Thursday, July 30, 2015

She is Everywhere, in Unseen Miniature Multiplied.

Dog Poet Transmitting.......

Just because you can't see it doesn't mean it isn't there and just because you can doesn't mean that it is.

The heart wants what the heart wants. To still it, or preferably hone it to a narrow focus, is one of the great challenges of life. Anyone I have ever loved, in the romantic sense, has been a stand in for the one I love in a spiritual sense. On some rare occasions she has appeared to me at brief intervals; always letting me know she is always there but... mostly remote, perhaps because of my own darkness under the spectre of mortality and the incessant and frenzied spectacle of all the colorful dancing dust that moves in and out of form, obscuring the eternal and celebrating the transitory.

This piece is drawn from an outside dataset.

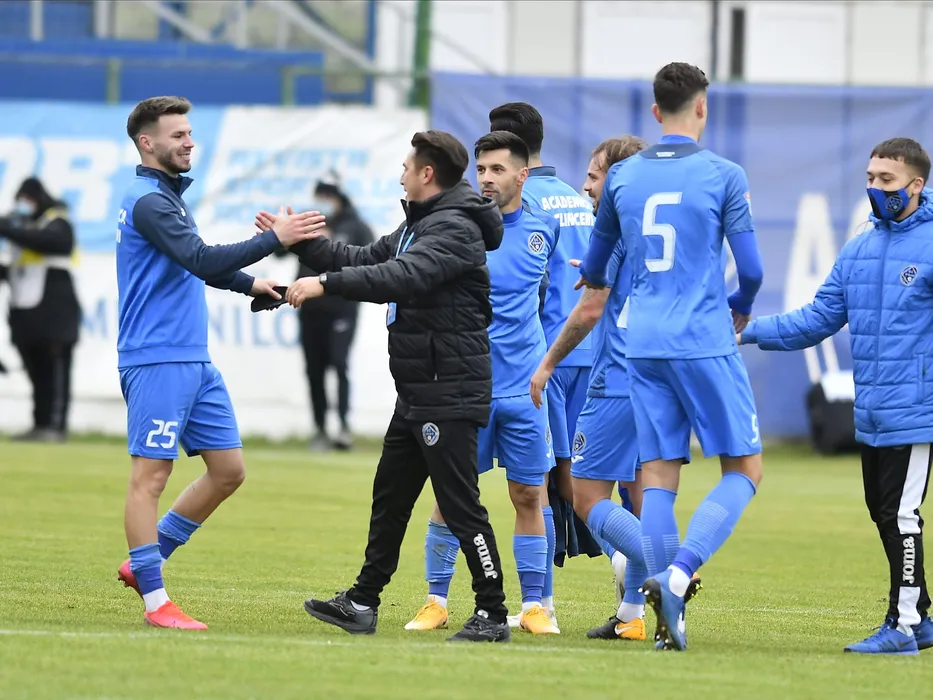 Ilie Poenaru isi felicita jucatorii Andrei Ioan Cordea si Paul Ovidiu Pirvulescu dupa meciul de fotbal dintre Academica Clinceni si Viitorul Constanta, contand pentru Liga 1 Casa Pariurilor, desfasurat pe Clinceni Arena din Clinceni, sambata 21 noiembrie 2020. © FOTO:Razvan Pasarica/SPORT PICTURES

The heart is not a stationary being. It enjoys no permanent stasis until the true beloved is fixed in the eye of it. There is no peace within that is possible before this comes about. During the early years of my first psychedelic experiences she was always around. I didn't have much in the way of other manifestations, except for holographic Buddhas showing up all the time in the flowers and shrubberies and the massive varicolored serpents, half in and out of the Earth. It was always her, from the dark whirling Kali, always at the bottom of some meadow, or as the Queen of Heaven, terribly bright and so luminous that the impress of her features never lasted beyond the short periods in which she appeared. There are things the human mind cannot contain and... so it goes.

Maybe it is the passing of time or some critical mass reached in the litany of life's disappointments. One becomes gunshy of anyone ever manifesting as the ideal. I suppose it is that old push and pull of Karma that constantly rearranges conditions for us but always based on the past and sometimes we shoot so far beyond whatever we once were that we are no longer recognizable and it then becomes very hard to recognize  those things that appear, earmarked for someone who is no longer in residence anywhere, anymore.

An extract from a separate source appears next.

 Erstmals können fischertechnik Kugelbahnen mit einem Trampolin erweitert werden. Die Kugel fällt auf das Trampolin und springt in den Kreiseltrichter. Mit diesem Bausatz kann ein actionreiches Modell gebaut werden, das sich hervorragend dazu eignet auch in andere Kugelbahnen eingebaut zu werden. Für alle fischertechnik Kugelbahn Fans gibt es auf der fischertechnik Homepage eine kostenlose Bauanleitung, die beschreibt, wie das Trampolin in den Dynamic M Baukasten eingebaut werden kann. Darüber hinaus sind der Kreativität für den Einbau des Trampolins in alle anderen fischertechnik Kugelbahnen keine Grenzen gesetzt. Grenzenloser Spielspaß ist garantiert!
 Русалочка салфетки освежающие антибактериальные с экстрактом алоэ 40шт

One of the things about protracted suffering is that it can burn up Karma at a nice clip and that is why one shouldn't be overly put off about being ground into paste because there really is a rhyme and reason to it all and there is always the possibility of being reformed into a brighter visage at some further point. It is only our darkness that is consumed in this way and of course our light would increase in proportion to the loss of the other.

The last person I tried to explain some of this to and which I did without any particular motive in place; I simply expressed it out of the blue as is often the case with me... this person was mortally offended and responded with intense outrage at what I said, which was not personalized in anyway, given there was no there there and now hates me with a passion I find remarkable for someone I've never even met. I suppose the upside is that there is most certainly no there there now and... how about a nice glass of lemonade, visible?

I find myself in an very odd place at the moment and I've been there most of the year; waiting, waiting on something. I know not what. Projects sit in limbo and any effort to engage in any of them leads very quickly to some form of technological distress. I'm no stranger to bizarre conditions coming out of nowhere, to frustrate one effort or another, but these days it has entered into the realm of the absurd. What do you do when you can't do most any of the things you would do if you could do them? I suppose you do whatever is left and that would be this.

One thing that can be said with real authority is that, when one is faced with living a life that is completely controlled from some point beyond one's own influence... is that if you can just take it as it comes and let go all sense of frustration and impatience, it will all resolve itself somehow and far better for the absence of interference on your part.

In the Age of Aquarius, despite it being the age of brotherhood, it is also that time when the divine feminine is to be restored to the throne as an equal player in all things. She is the higher qualities of the heart and the mind for those who do not debase her, as so many are presently employed in doing. There is a dark agenda at work in that regard at the moment, with the intention of sucking as many as will go, down into a vortex of negative polarity. It is the reason for such an excess of pornography and do I have to declare who it is that runs that industry?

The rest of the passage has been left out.